INSTRUCTIONS TO FOLLOW: Dropping every picture, set down exactly the lines in the entries below, starting with the line with "Kolczyki FUCHSIA &" and going on through the line with "Designer-Bänke am Mozartplatz".

LISTED ENTRIES:
══════════════════════════════

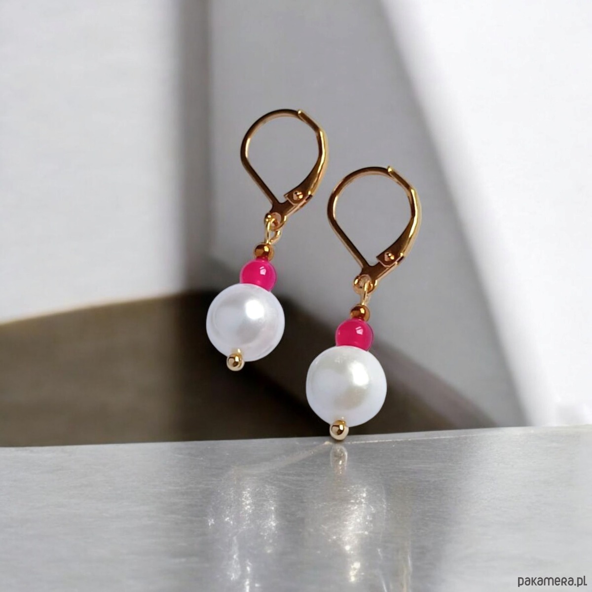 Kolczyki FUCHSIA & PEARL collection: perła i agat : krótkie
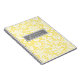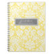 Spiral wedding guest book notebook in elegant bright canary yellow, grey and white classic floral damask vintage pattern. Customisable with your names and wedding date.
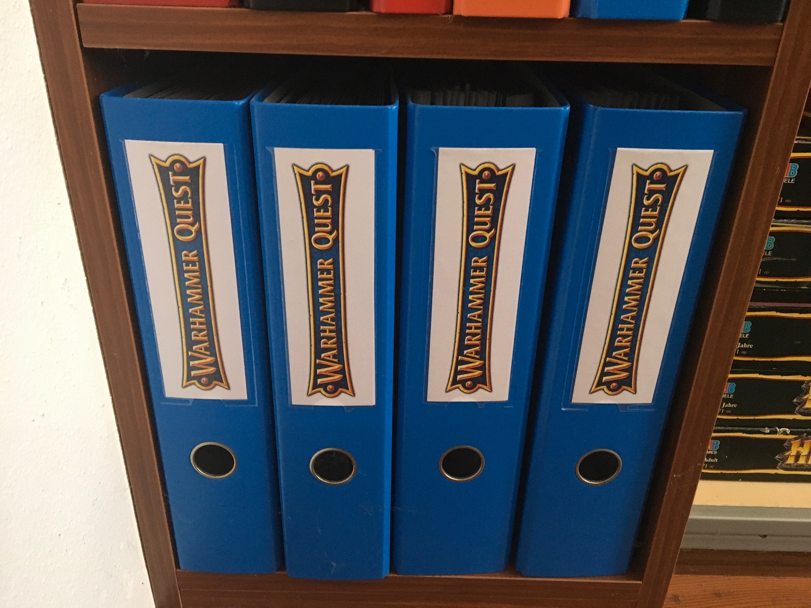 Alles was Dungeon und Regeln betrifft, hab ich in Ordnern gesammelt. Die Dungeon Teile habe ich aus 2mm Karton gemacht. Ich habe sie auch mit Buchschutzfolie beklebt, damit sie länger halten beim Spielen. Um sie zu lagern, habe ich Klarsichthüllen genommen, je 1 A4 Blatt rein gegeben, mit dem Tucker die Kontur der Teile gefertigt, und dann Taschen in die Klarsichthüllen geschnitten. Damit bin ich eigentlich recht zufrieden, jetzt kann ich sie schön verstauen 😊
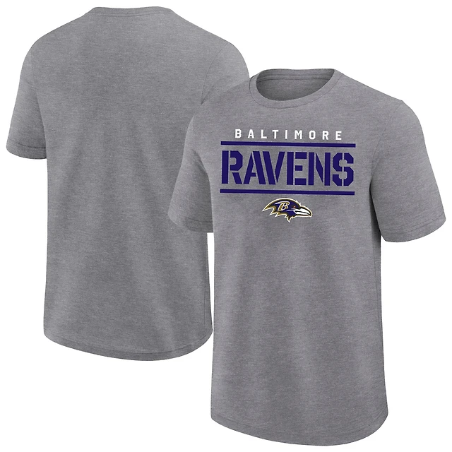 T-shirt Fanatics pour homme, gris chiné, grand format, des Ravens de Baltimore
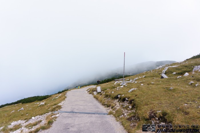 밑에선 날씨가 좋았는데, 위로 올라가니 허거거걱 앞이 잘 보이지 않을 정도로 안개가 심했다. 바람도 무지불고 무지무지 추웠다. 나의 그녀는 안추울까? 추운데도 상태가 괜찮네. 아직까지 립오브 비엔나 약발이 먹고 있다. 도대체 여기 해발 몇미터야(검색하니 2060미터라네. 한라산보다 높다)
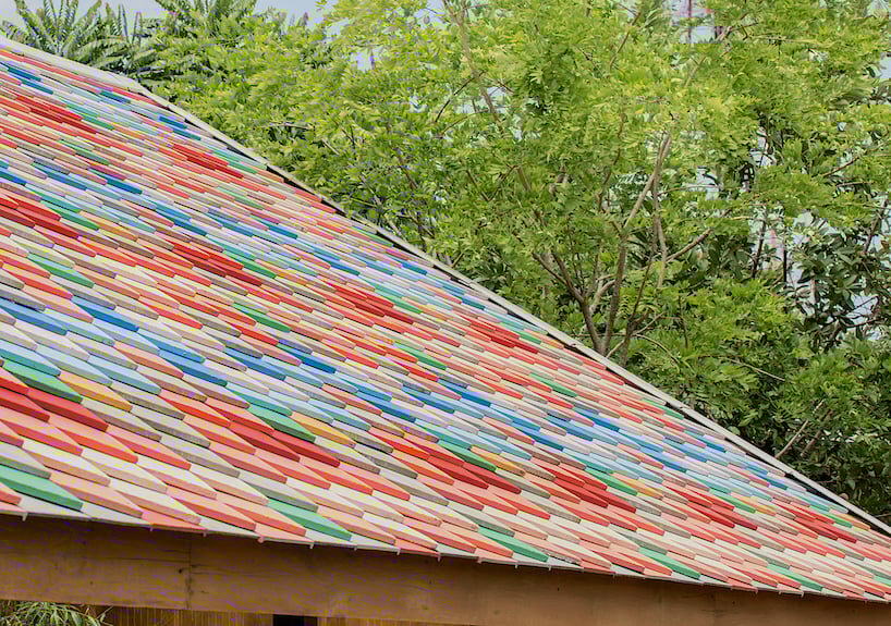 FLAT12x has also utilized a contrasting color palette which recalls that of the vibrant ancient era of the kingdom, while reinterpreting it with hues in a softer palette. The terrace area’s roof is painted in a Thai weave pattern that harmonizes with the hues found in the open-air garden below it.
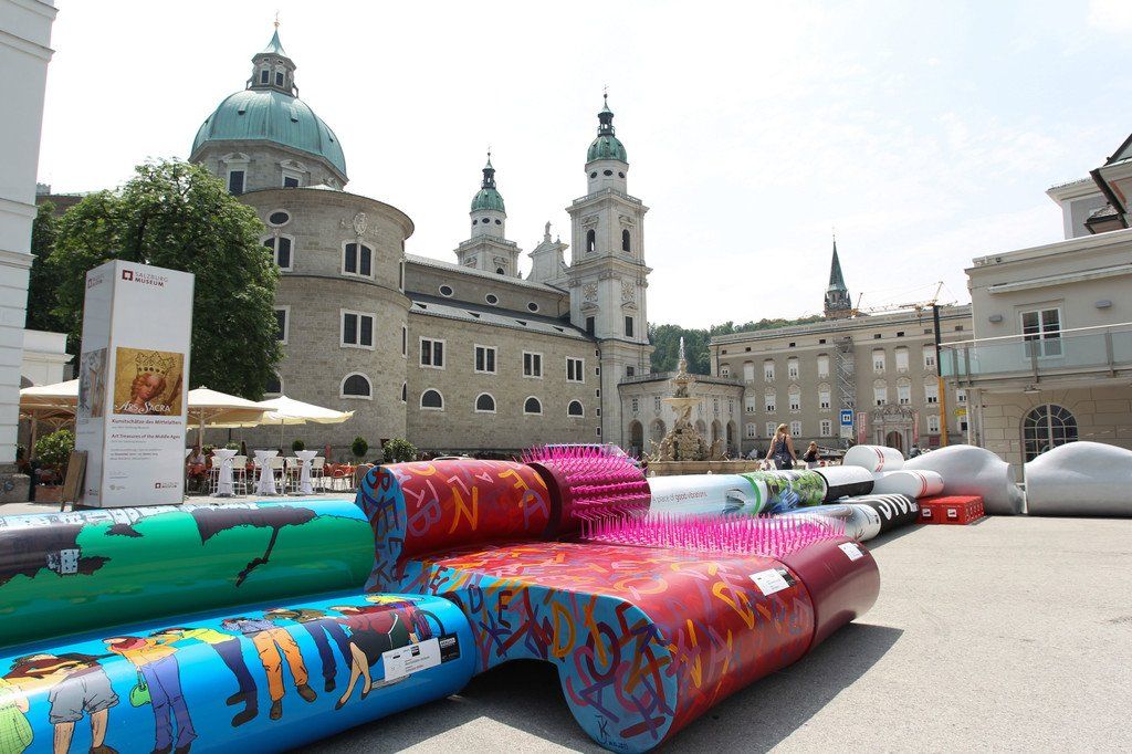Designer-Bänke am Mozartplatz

══════════════════════════════

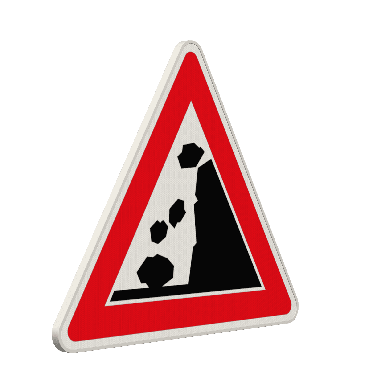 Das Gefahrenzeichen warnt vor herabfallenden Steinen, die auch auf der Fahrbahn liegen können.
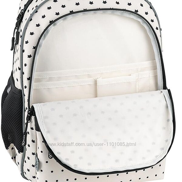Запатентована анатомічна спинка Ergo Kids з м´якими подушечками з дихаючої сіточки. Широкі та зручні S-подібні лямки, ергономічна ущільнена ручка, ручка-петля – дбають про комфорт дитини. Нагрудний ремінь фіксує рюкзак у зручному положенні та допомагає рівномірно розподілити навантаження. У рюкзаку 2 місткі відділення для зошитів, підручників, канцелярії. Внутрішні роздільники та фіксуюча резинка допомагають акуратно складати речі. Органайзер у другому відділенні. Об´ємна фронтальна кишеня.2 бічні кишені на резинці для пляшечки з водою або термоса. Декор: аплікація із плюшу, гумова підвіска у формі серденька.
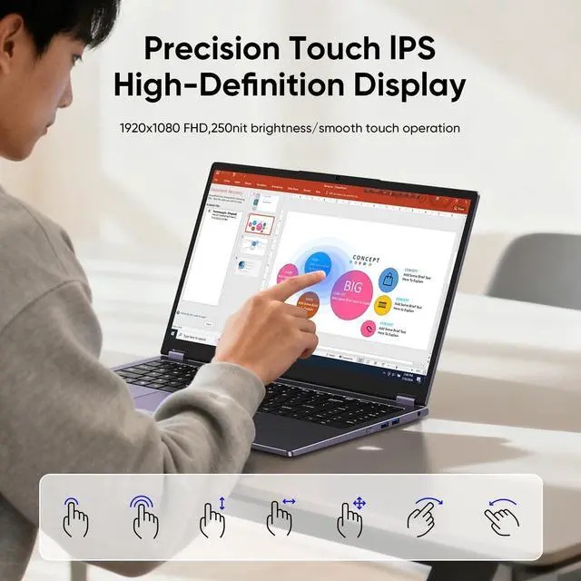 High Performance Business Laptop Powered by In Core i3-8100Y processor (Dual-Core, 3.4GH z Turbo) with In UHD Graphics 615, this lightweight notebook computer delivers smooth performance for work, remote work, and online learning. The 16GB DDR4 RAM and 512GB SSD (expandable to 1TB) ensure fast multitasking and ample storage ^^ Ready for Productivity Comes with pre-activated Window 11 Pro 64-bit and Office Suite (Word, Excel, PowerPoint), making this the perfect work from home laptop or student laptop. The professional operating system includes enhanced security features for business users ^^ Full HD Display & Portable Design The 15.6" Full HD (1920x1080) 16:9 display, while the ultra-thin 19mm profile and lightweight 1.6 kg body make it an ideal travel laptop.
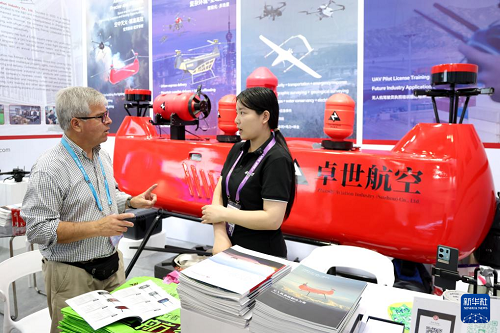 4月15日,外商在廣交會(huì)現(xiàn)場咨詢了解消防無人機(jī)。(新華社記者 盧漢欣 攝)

══════════════════════════════

TASK RESULT:
 Kolczyki FUCHSIA & PEARL collection: perła i agat : krótkie
 Spiral wedding guest book notebook in elegant bright canary yellow, grey and white classic floral damask vintage pattern. Customisable with your names and wedding date.
 Alles was Dungeon und Regeln betrifft, hab ich in Ordnern gesammelt. Die Dungeon Teile habe ich aus 2mm Karton gemacht. Ich habe sie auch mit Buchschutzfolie beklebt, damit sie länger halten beim Spielen. Um sie zu lagern, habe ich Klarsichthüllen genommen, je 1 A4 Blatt rein gegeben, mit dem Tucker die Kontur der Teile gefertigt, und dann Taschen in die Klarsichthüllen geschnitten. Damit bin ich eigentlich recht zufrieden, jetzt kann ich sie schön verstauen 😊
 T-shirt Fanatics pour homme, gris chiné, grand format, des Ravens de Baltimore
 밑에선 날씨가 좋았는데, 위로 올라가니 허거거걱 앞이 잘 보이지 않을 정도로 안개가 심했다. 바람도 무지불고 무지무지 추웠다. 나의 그녀는 안추울까? 추운데도 상태가 괜찮네. 아직까지 립오브 비엔나 약발이 먹고 있다. 도대체 여기 해발 몇미터야(검색하니 2060미터라네. 한라산보다 높다)
 FLAT12x has also utilized a contrasting color palette which recalls that of the vibrant ancient era of the kingdom, while reinterpreting it with hues in a softer palette. The terrace area’s roof is painted in a Thai weave pattern that harmonizes with the hues found in the open-air garden below it.
Designer-Bänke am Mozartplatz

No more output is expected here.